Secondly, it seems like you'll need to provide the processor as a jar, with /META-INF/services/javax.annotation.processing.Processor in it. I've tried this, it was better but still failed, I think it's because the source file doesn't compile, so the compiler can not retrieve any information about the annotation.(I thought it could by just scanning the source file).

Finally I made it work by moving the use of annotation from UseHelloWorld to a package-info.java file(or any other files which compile). now the compiler can see that the annotation has been used in a source file, and the processor gets called to generate the HelloWorldMessage class which is compiled in the following round. And the class UseHelloWorld also compiles.

Note: I've added some import and package in your files, otherwise it doesn't compile even with the presence of HelloWorldMessage class.

I think why it works in Eclipse is because different tools are being used to do the processing. Or maybe you've generated the source file some time and forget to clean it.
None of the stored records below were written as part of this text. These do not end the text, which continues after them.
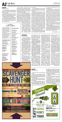 Both candidates agreed that giving young people a strong, educational foundation is key to speeding up slow recovery of but their incentives are importantly dif- the economy; however, in terms of the role ferent,” said Paul Reitemeier, chair of Grand of the federal government in the equation, Valley State University’s Human Research Romney and Obama differed. Review Committee. “And what we’re seeing right now is, in Both would require coverage with cash my view, — a trickle-down government appenalties for people choosing to not buy in- proach, which has government thinking it surance and inversed penalties for employers can do a better job than free people pursuing not providing insurance to employees. their dreams,” Romney said in response to “Neither plan is fully comprehensive in Obama’s plans to hire 100,000 more math coverage; estimates are that by 2022 Obama and science teachers. “And it’s not working. would reduce those without insurance from And the proof of that is 23 million people out 47 to 27 million while Romney would in- of work. The proof of that is one out of six crease the number of uncovered to 72 mil- people in poverty. The proof of that is we’ve lion,” Reitemeier said. gone from 32 million on food stamps to 47 million on food stamps. The proof of that is that 50 percent of college graduates this year can’t find work.” Romney’s indication that Volume 47, Number 14 he wants to cut taxes on the The Grand Valley Lanthorn wealthy, Obama said, will is published twice-weekly by EDITORIAL STAFF require cutting federal supGrand Valley State University port for education, backing students 62 times a year. Editor-in-Chief it up with budget numbers One copy of this newspaper ANYA ZENTMEYER from Romney’s running is available free of charge to Associate Editor any member of the Grand mate, Congressman Paul
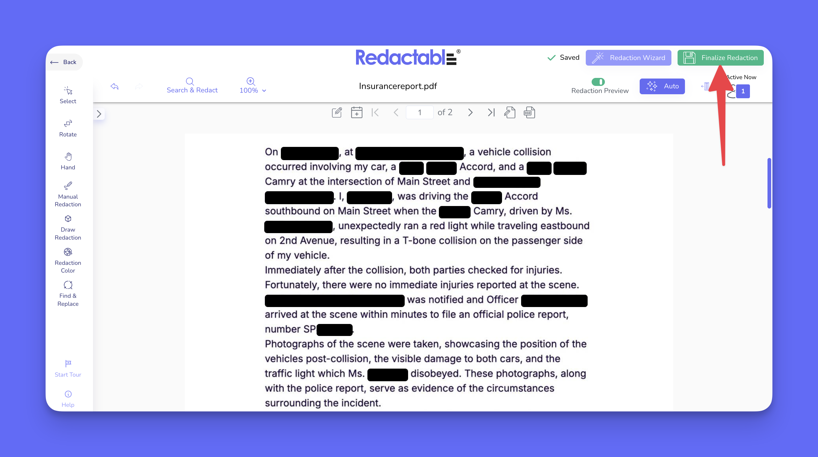6. Click "Finalize Redaction" on the top right corner when you are finished redacting your document.
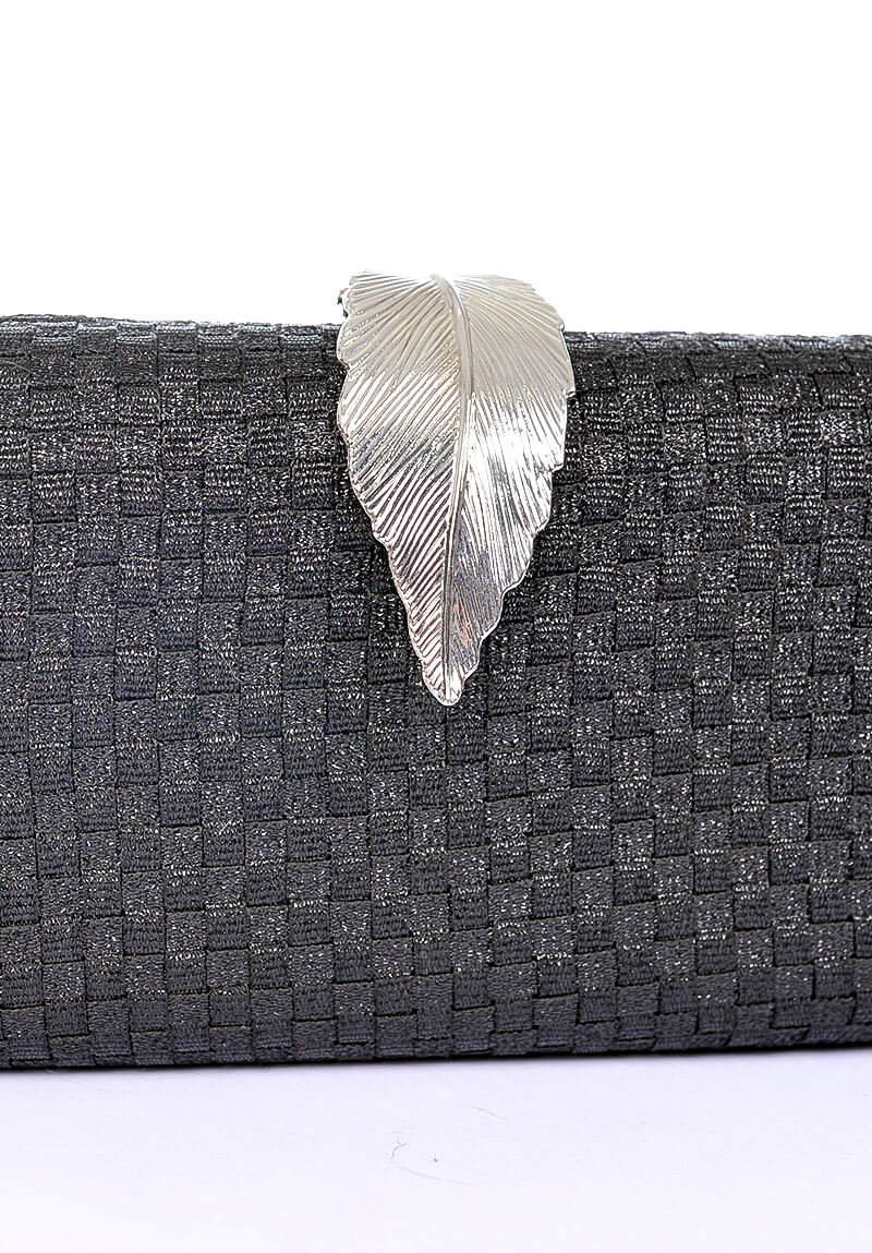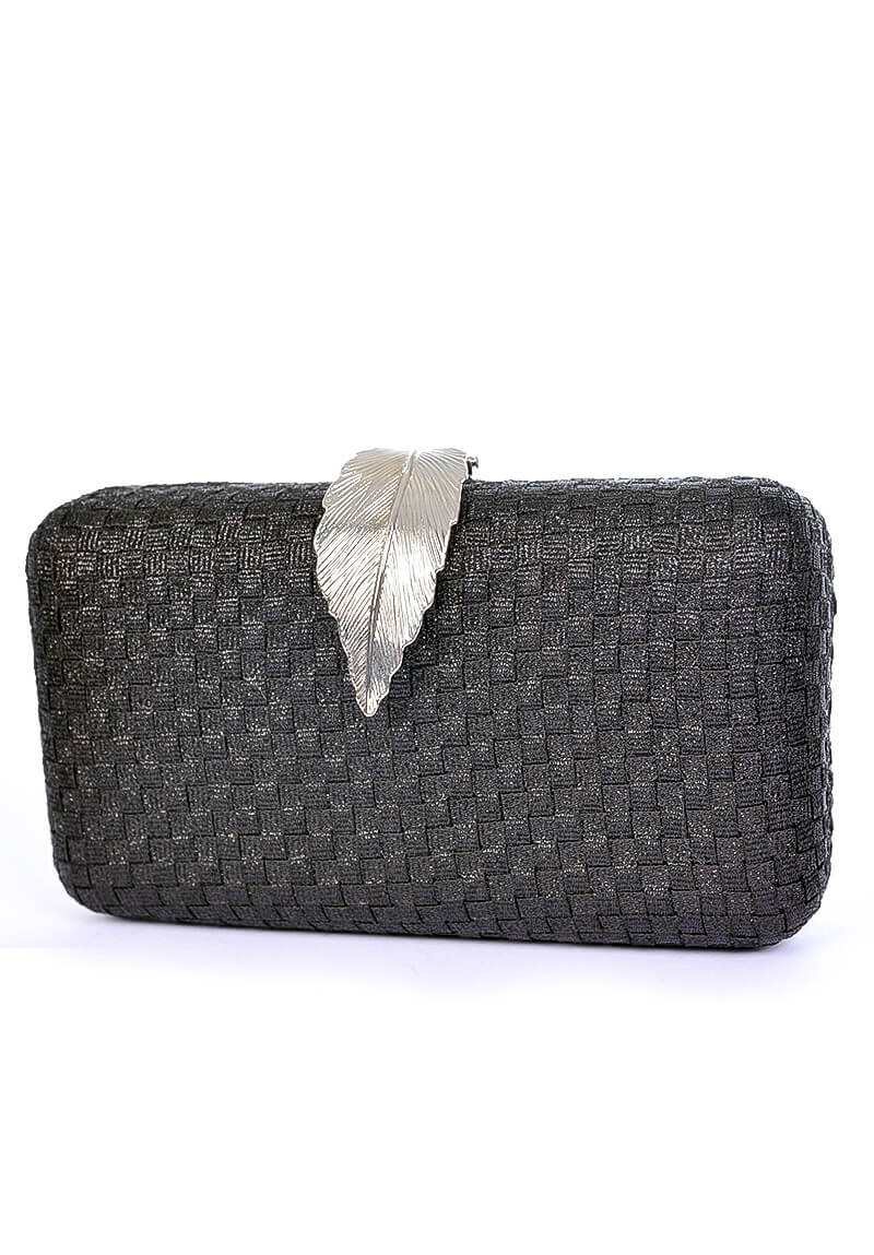 Clutch preta com feixo de folha prata, tamanho pequeno
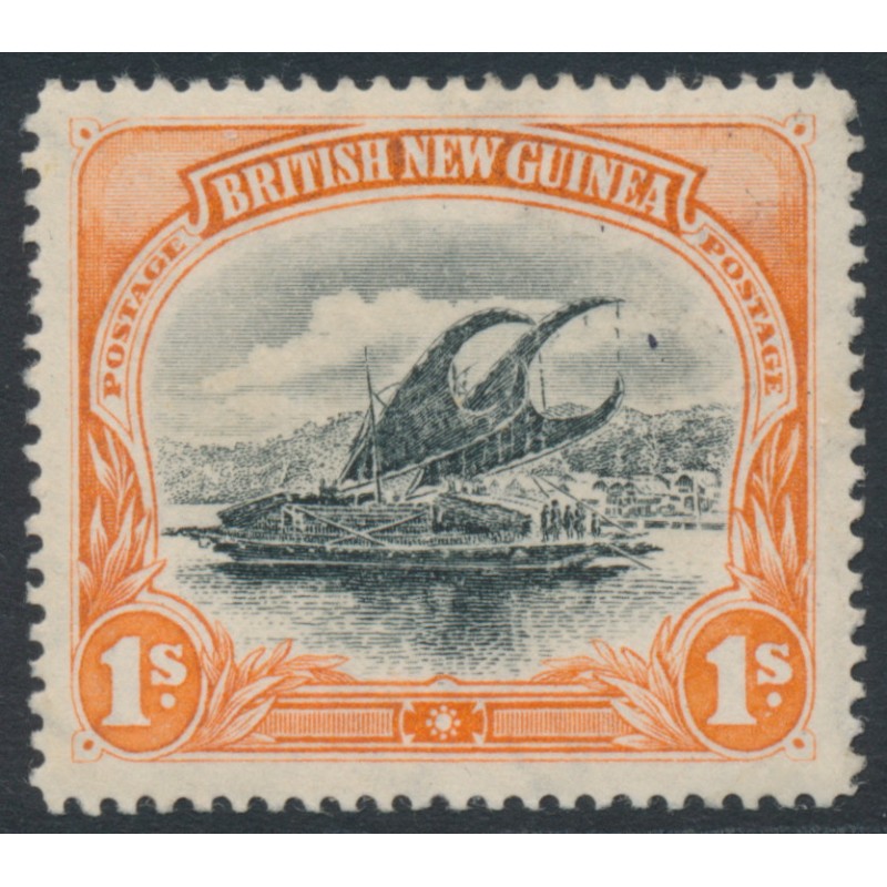 PAPUA / BRITISH NEW GUINEA / B.N.G. 1901 1/- black/orange Lakatoi, horizontal rosettes watermark, mint hinged – no thins, tears or bends. SG Cat. # 15
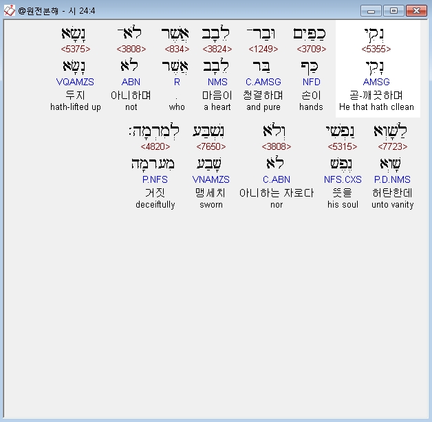 히브리어구약BHS,4 נְקִי כַפַּיִם וּבַר־לֵבָב אֲשֶׁר לֹא־נָשָׂא לַשָּׁוְא נַפְשִׁי וְלֹא נִשְׁבַּע לְמִרְמָה׃
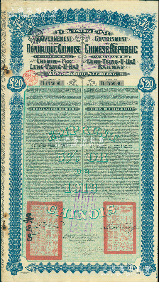 1913年中国政府对外发行督办陇秦豫海铁路公债20英镑,在比利时发行,票上印有驻比公使吴尔昌、陇海路督办施肇曾签名及官印,附带有息票;苏健先生藏品,八成新

Hope someone can give a better answer, I'm just sharing my experiments.


Update

I was stupid by saying we should provide the processor as a jar, obviously a class file is enough (I may have used a wrong classpath). My guess to the updated post is the compiler doesn't handle every case. In Eclipse, we see two different errors concerning @Anno

  1. with @Anno(HelloWorldMessage.HELLO_WORLD) : HelloWorldMessage cannot be resolved to a variable
  2. with @Anno(UseHelloWorld.HW) : The value for annotation attribute Anno.value must be a constant expression

Maybe in the first case the compiler is clever enough to guess the unknown type can be generated by the annotation processor, so it gives a try, and in the second case it treats it as the annotation is incorrectly used.